Aim of the exercise —
Repeat the records below exactly from the line containing "AC/DC, Παγούρι νερού" to the line containing "10月27日零点40分,这一", taking in both of those lines. Drop the pictures.
··· Supplied material
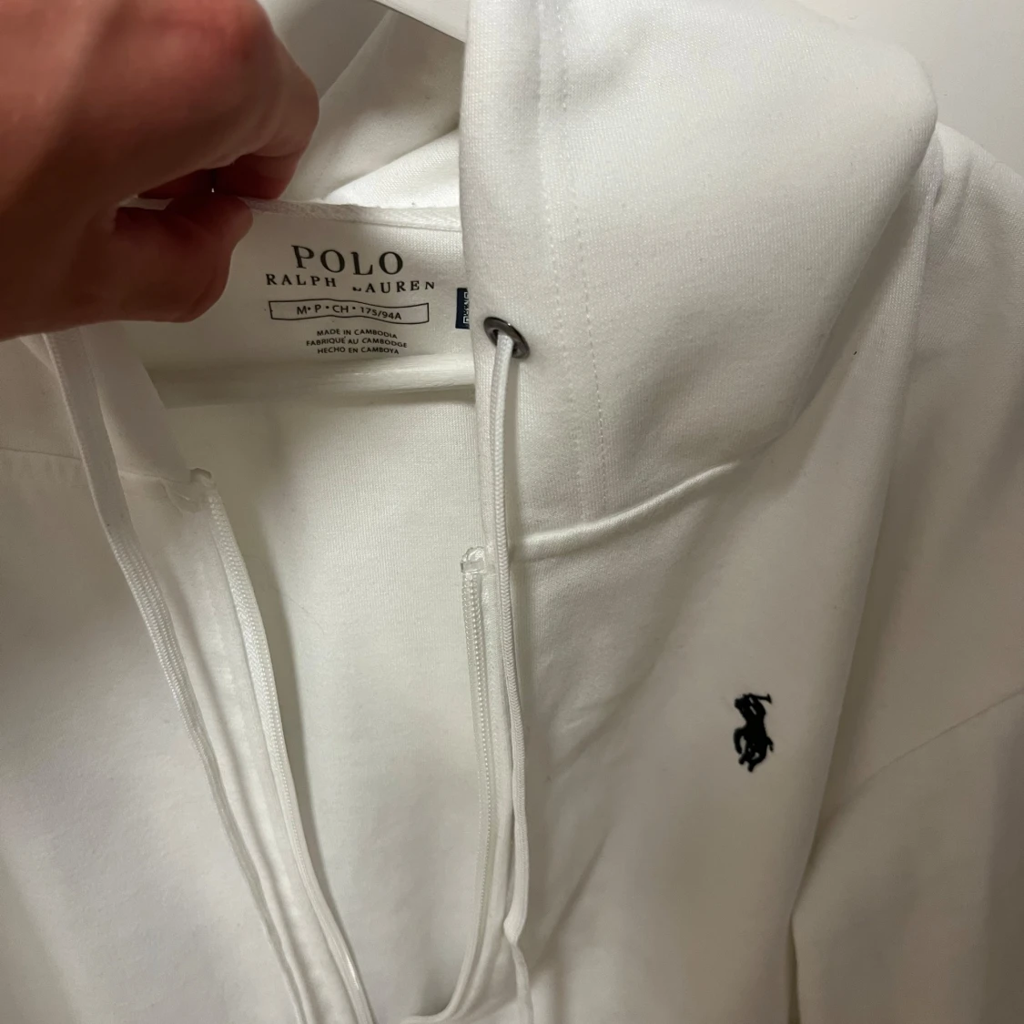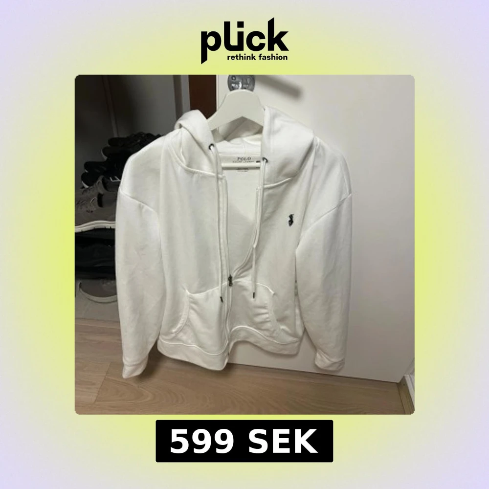 Snygg vit hoodie från Polo Ralph Lauren med dragkedja, huva och klassisk logga broderad på bröstet. Tröjan har känguruficka och justerbara snören i huvan. Perfekt för en chill och stilren look. Enda defekten är att snörena är lite långa, har bytat ut orginalsnörena.
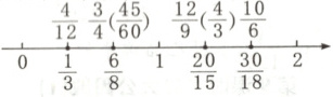 $\frac{3}{4}$ , $\frac{6}{8}$ 和 $\frac{45}{60}$ , $\frac{4}{12}$ 和$\frac{1}{3}$ , $\frac{10}{6}$ 和 $\frac{30}{18}$ , $\frac{12}{9}$ , $\frac{20}{15}$ 和 $\frac{4}{3}$ 在直线上分别能用同一个点表示。
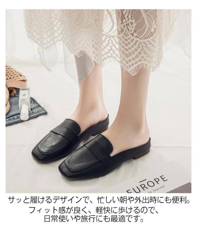 ローファー 靴 レディース サボ オフィスサンダル かかとなしパンプス オシャレ かかとなしパンプス フラットソール かかとなし サンダル パンプス PU 疲れない 通勤 履きやすい 痛くない 走れる ローヒール
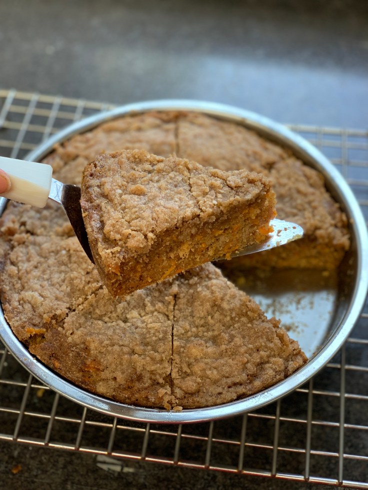 – sprinkle the streusel topping on the cake and bake for 30 minutes
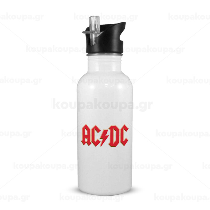AC/DC, Παγούρι νερού Λευκό με καλαμάκι, ανοξείδωτο ατσάλι 600ml
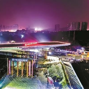 10月27日零点40分,这一路段交通中断,转体开始:长119.35米、重3350吨的钢箱梁,顺时针旋转100度,与高架主体完成精准对接。凌晨2点30分,交通恢复。到第二天下午,相邻一段桥体的顶推工程也顺利完成。
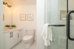This spacious brand new back half duplex Ready to move in, a team recognized for quality & attention to detail. Designed with your family in mind, this modern home has a great floorplan & inspire interiors. The main offers a professional grade kitchen w/ skinny shaker cabinets Wolf/ KitchenAid appliance package feat 30" stand up fridge/ freezer & 4 burner Wolf gas range. Thoughtfully designed with 4 bedrooms 3 bedrooms up has 2 bedrooms 1 bathrooms inc primary ensuite with seamless shower. Down has the 2 bedroom. full bath & laundry - perfect for teens/ guests/ home office. Out back is a deck for your bbq and fenced yard. 10' ceilings, radiant in-floor heat, hardwood throughout, A/C, This beauty is move-in ready and sure too impress. Come see! Open House Sat. 2 pm to 4:15 Pm
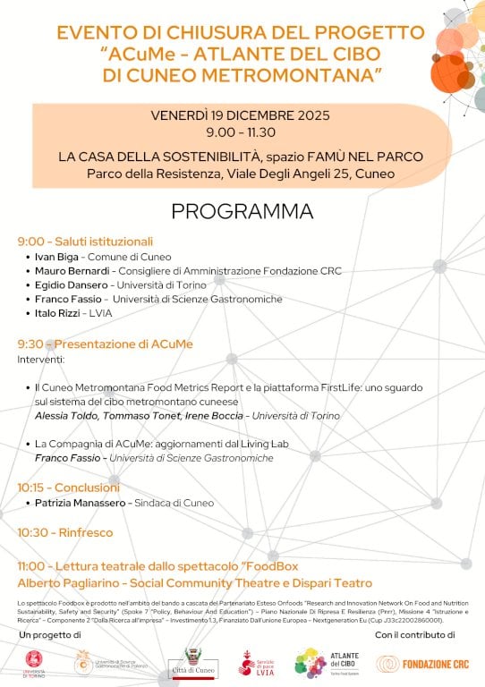 Venerdì la mattinata si aprirà con i saluti istituzionali dei partner che hanno accompagnato il percorso, tra cui il Comune di Cuneo, la Fondazione CRC, l’Università di Torino, l’Università di Scienze Gastronomiche e la LVIA. A seguire verranno presentati i risultati del progetto: dal Cuneo Metromontana Food Metrics Report alla piattaforma FirstLife, strumenti che offrono una lettura aggiornata e condivisa del sistema del cibo metromontano. Saranno inoltre raccontati gli sviluppi della Compagnia di ACuMe e del Living Lab, lo spazio partecipato nato durante il progetto. Dopo le conclusioni della Sindaca Patrizia Manassero, l’incontro proseguirà con un rinfresco e si chiuderà con la lettura teatrale “FoodBox” di Alberto Pagliarino, un momento artistico dedicato ai temi del cibo e della sostenibilità, prodotto nell’ambito del bando a cascata del Partenariato Esteso Onfoods “Research and Innovation Network On Food and Nutrition Sustainability, Safety and Security” (Spoke 7 “Policy, Behaviour And Education”) – Piano Nazionale Di Ripresa E Resilienza (Pnrr), Missione 4 “Istruzione e Ricerca” – Componente 2 “Dalla Ricerca all’impresa” – Investimento 1.3, Finanziato Dall’unione Europea – Nextgeneration Eu.
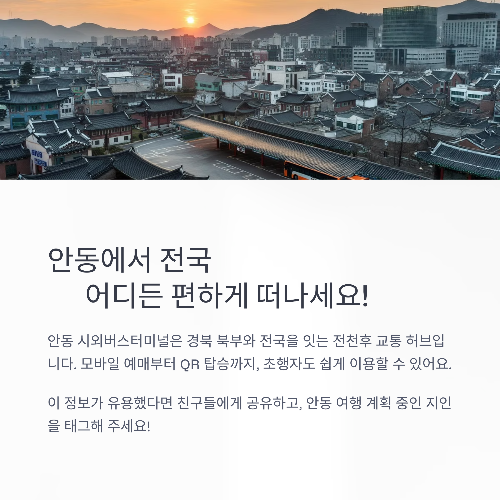 👇 지금 바로 예매 앱 설치하고, 안동에서 전국 어디든 편하게 떠나보세요!
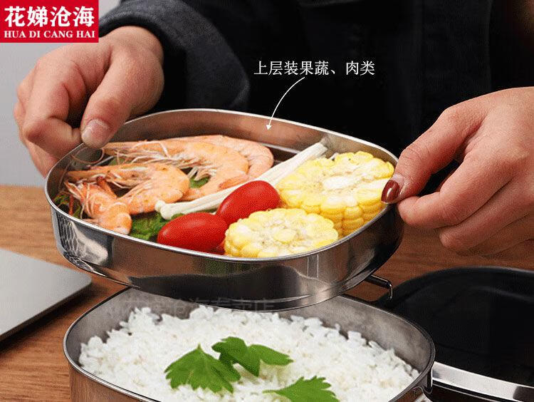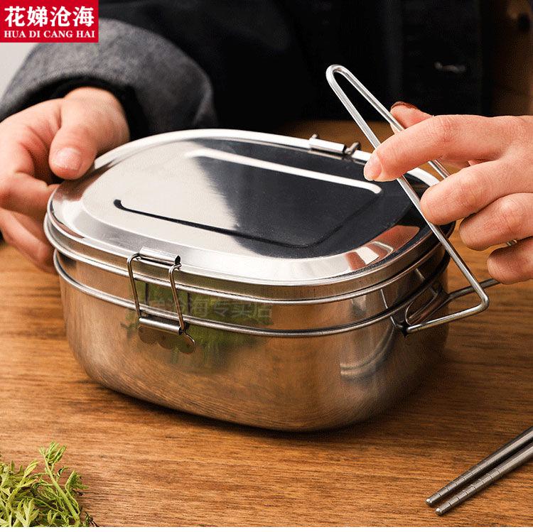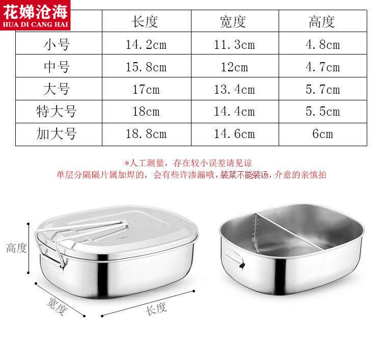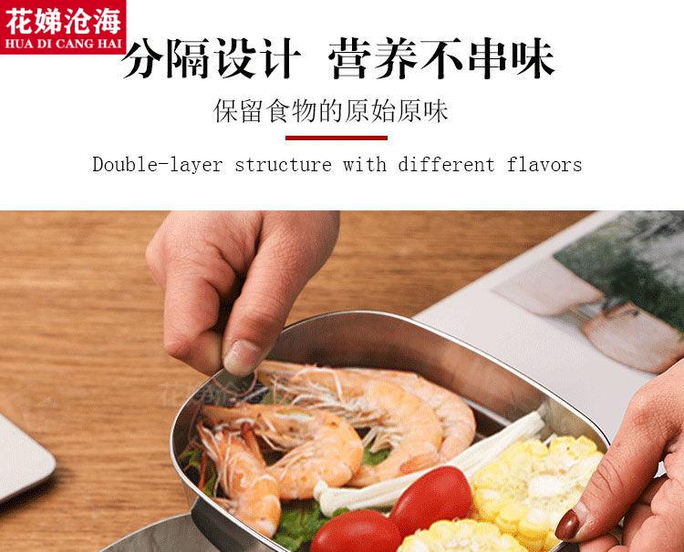 Murannuoer stainless steel dinner plate household practical exquisite stainless steel lunch box engraved rectangular thickened student canteen medium size divided into two parts
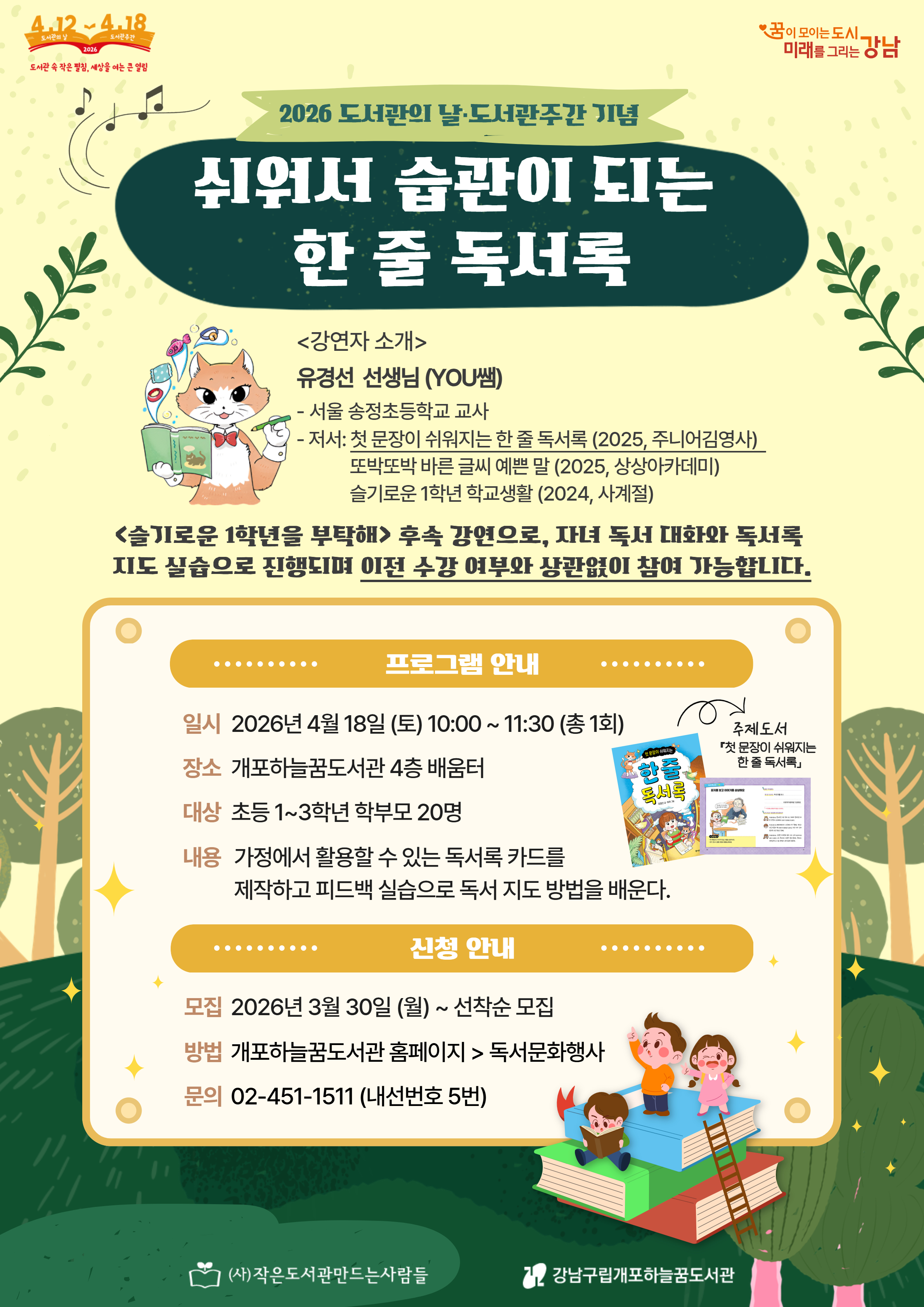 우리 아이 어떻게 독서록 지도해야 할지 고민이라면? 책『첫 문장이 쉬워지는 한 줄 독서록』저자인 유경선 선생님과 함께하는 초등 양육자를 위한 독서록 작성 가이드 🎒🤓🏫 이번 강연에 다룰 내용 ✅ 독서 환경 탐색하고, 경험 나누기: 독서 습관 체크리스트 ✅ 독서록의 이해: 독서와 기록의 중요성, 독서록에 관한 Q&A ✅ 독서록 빌드업(오늘 책-한 줄 감상 대화-한 줄 독서록) ✅ 한 줄 독서록의 확장: 한 문단 독서록 쓰기 등 ★신청 완료 후 2~3일 이내에 참여자를 대상으로 온라인 폼을 통해 사전 질문을 받을 예정입니다.★ 원활한 안내를 위해 신청 시 연락 가능한 연락처를 정확히 기재해 주시기 바랍니다. 접수된 사전 질문은 강연 당일 질의응답 시간에 활용될 예정입니다. ![]() ![]() ○일시 : 2026. 4. 18. (토요일) 10:00~11:30 ○대상 : 성인 20명 (초등 1~3학년 양육자) ○장소 : 하늘꿈도서관 4층 배움터 ○접수 : 2026년 3월 30일(월) 오전 10시 ~ (선착순) ○신청방법 : 하늘꿈도서관 홈페이지 ○문의 : 02-451-1511 / ARS 5번 ※프로그램 신청시 참여자 본인의 아이디로 신청 하셔야 합니다. ※프로그램 신청 시 홍보용 사진 촬영 및 사용에 동의하시는 것으로 간주됩니다. ※프로그램 관련 공지사항은 문자로 발송되오니 회원가입 시 입력된 휴대폰번호 확인 부탁드립니다. |
······
Solution to this task —
AC/DC, Παγούρι νερού Λευκό με καλαμάκι, ανοξείδωτο ατσάλι 600ml
 10月27日零点40分,这一路段交通中断,转体开始:长119.35米、重3350吨的钢箱梁,顺时针旋转100度,与高架主体完成精准对接。凌晨2点30分,交通恢复。到第二天下午,相邻一段桥体的顶推工程也顺利完成。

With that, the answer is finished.